Je me retrouve souvent avec des amis et des amis d’amis à écouter certains des grands albums parus dans les années 1960 et 1970. J’abaisse l’aiguille du tourne-disque sur les chefs-d’œuvre qui alliaient la musique de quatuors rock à des mélodies et à des harmonies relevées, ainsi qu’à des textes poétiques et réfléchis. Inévitablement, nous nous lamentons et quelqu’un finit par dire « On ne crée plus de musique comme ça ». Souvent, je rétorque que, même si le folk-rock n’a plus la vigueur culturelle d’antan, il y a Dawes.

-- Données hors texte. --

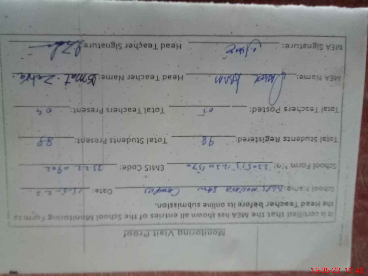 | Attendance Register | Head Teacher | MEA with School | Visit Proof |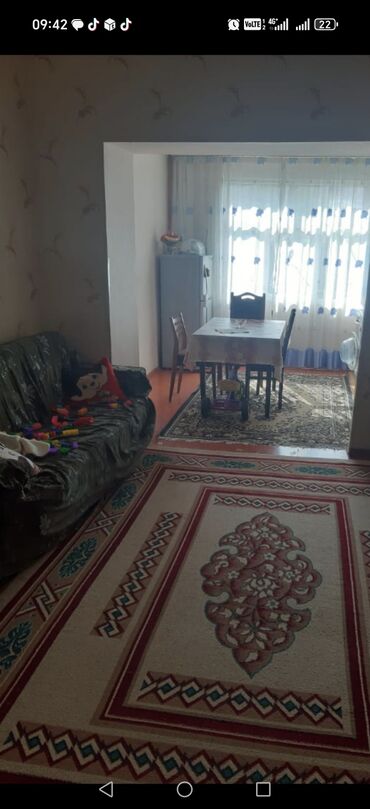 - Qonaq otağı: divan, xalça, uşaq oyuncaqları üçün yer; böyük pəncərə ilə işıqlı.

Cette formation folk-rock californienne originaire de Los Angeles comprend Taylor Goldsmith (guitares et chant), Griffin Goldsmith (batterie), Wylie Gelber (basse) et Lee Pardini (claviers). J’ai entendu Dawes pour la première fois lorsque North Hills, son premier album, est sorti en 2009. J’ai adoré les chansons, la musicalité et ces paroles qui allaient droit au but. Leur deuxième album, Nothing is Wrong, n’a fait que renforcer ce sentiment. La musique tangue et roule au bon moment et au bon endroit. Je n’ai pas lâché Dawes depuis lors. Et comme tous les grands artistes, les membres Dawes ont fait évoluer leur groupe, repoussant les limites de ce qu’il est et de ce qu’il fait. Ils continuent à renouveler leur répertoire et leurs parutions.
Avec Misadventures of Doomscroller, son huitième album studio, Dawes pose un autre jalon dans son évolution. Misadventures exige de l’auditeur qu’il absorbe tout, du début à la fin. On y trouve des chansons thématiquement liées, dont certaines durent près de dix minutes. Un autre fait que nous avons tendance à déplorer, dans nos conversations musicales : « Est-ce que quelqu’un veut encore faire, ou même écouter, ce genre d’albums? » Inévitablement, quelqu’un affirme en râlant que « personne ne veut d’une chanson rock de dix minutes ». Et, encore une fois, je rétorque qu’il y a Dawes.
Rien qu’en lisant le titre, on a le sentiment que cet album capte l’air du temps. « Vous pouvez empoisonner l’opposition – Savoir quelle guerre déclarer – Vous pouvez faire reluire les prisons – Et y envoyer tous vos détracteurs », entend-on dans Someone Else’s Café. Mais le refrain est plein d’espoir : « Profitons de la compagnie d’autrui – Malgré le désespoir qui point – Est-ce que quelqu’un a une chanson à chanter – Ou une blague à raconter? »
Les chansons semblent décrire la folie, la frustration et la négativité du quotidien, ainsi que ce qu’il en coûte de passer notre vie devant des écrans : « Un désert de ragots – Exigeant des dépôts –-Et pourtant il ne vous laisse que des retraits – Jouant sur nos sens – Avec un millier de lentilles – Visant tout ce que vous avez mangé ou acheté » (Everything Is Permanent). Mais Dawes préserve aussi l’équilibre au moyen d’un message positif, selon lequel il importe de se rassembler et de ne pas laisser ce nouveau monde nous séparer : « Chaque fois qu’on s’assoit ici – Craintifs quant à l’avenir – Il y a une blague là-dedans – Nous devons trouver le moyen d’en rire » (Joke in There Somewhere).
Dawes est un groupe qui se souvient de l’auld lang syne, c’est-à-dire des jours passés. Mais sa musique est créée aujourd’hui, pour aujourd’hui. Alors, abaissons l’aiguille du tourne-disque, pour ainsi dire, sur ce nouvel album. Misadventures of Doomscroller allie la musique de quatuors rock à des mélodies et à des harmonies relevées, ainsi qu’à des textes poétiques et réfléchis. Cet album tangue et roule au bon moment et au bon endroit.